• _WHAT YOU SHOULD DO_:
Word for word, retype the lines from the one containing "活动期间,墨迹天气发布《地球" to the one containing "指3本弱ほど空いていた膝の間たが、1回でここまで改善しました!" below, keeping both end lines and dropping the pictures.

• _PROVIDED RECORDS_:
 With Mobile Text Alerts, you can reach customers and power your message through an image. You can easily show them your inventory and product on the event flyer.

---

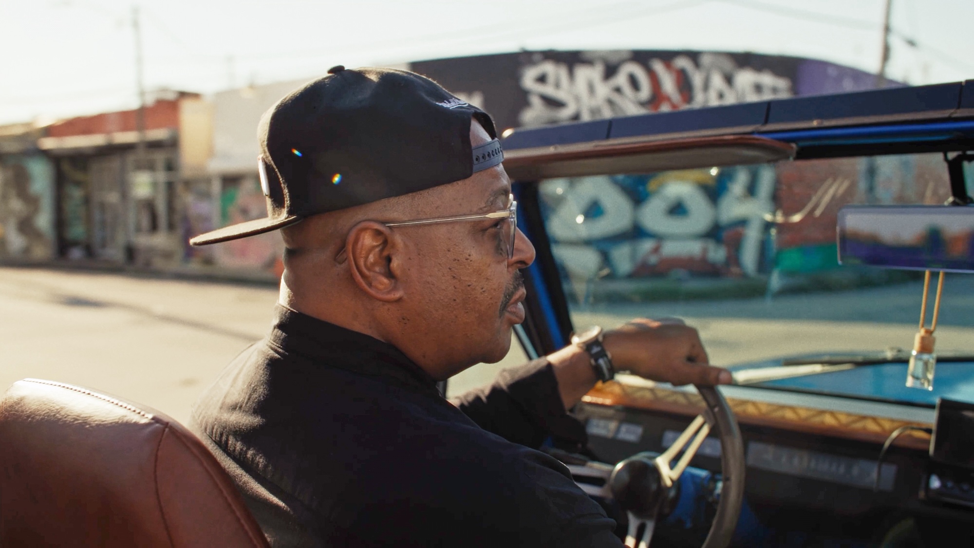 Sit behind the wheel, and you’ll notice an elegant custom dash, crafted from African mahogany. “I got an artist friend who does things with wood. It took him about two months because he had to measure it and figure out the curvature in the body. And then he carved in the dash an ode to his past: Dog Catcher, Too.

---

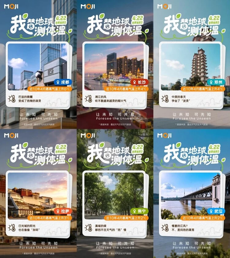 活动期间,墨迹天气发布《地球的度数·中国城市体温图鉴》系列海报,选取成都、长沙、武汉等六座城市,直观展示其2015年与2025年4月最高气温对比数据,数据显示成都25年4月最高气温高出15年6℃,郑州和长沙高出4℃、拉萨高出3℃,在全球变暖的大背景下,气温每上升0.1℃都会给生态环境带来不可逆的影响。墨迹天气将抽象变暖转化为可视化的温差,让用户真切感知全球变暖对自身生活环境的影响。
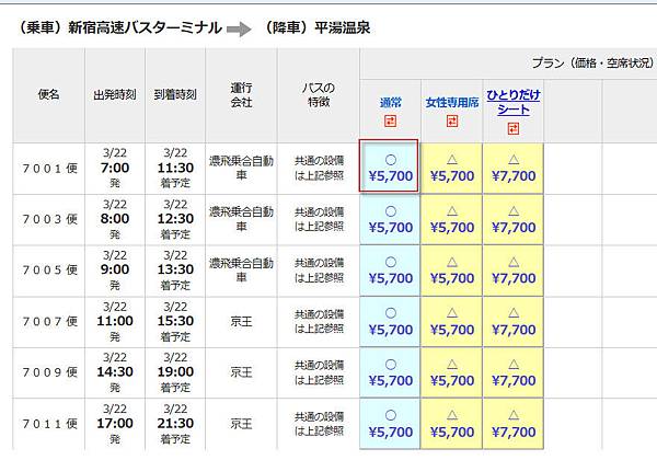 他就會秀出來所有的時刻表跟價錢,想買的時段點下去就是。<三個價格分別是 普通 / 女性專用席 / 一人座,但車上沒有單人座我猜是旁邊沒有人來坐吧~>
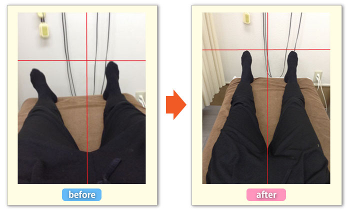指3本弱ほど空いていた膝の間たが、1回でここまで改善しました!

• _EXERCISE ANSWER_:
 活动期间,墨迹天气发布《地球的度数·中国城市体温图鉴》系列海报,选取成都、长沙、武汉等六座城市,直观展示其2015年与2025年4月最高气温对比数据,数据显示成都25年4月最高气温高出15年6℃,郑州和长沙高出4℃、拉萨高出3℃,在全球变暖的大背景下,气温每上升0.1℃都会给生态环境带来不可逆的影响。墨迹天气将抽象变暖转化为可视化的温差,让用户真切感知全球变暖对自身生活环境的影响。
 他就會秀出來所有的時刻表跟價錢,想買的時段點下去就是。<三個價格分別是 普通 / 女性專用席 / 一人座,但車上沒有單人座我猜是旁邊沒有人來坐吧~>
指3本弱ほど空いていた膝の間たが、1回でここまで改善しました!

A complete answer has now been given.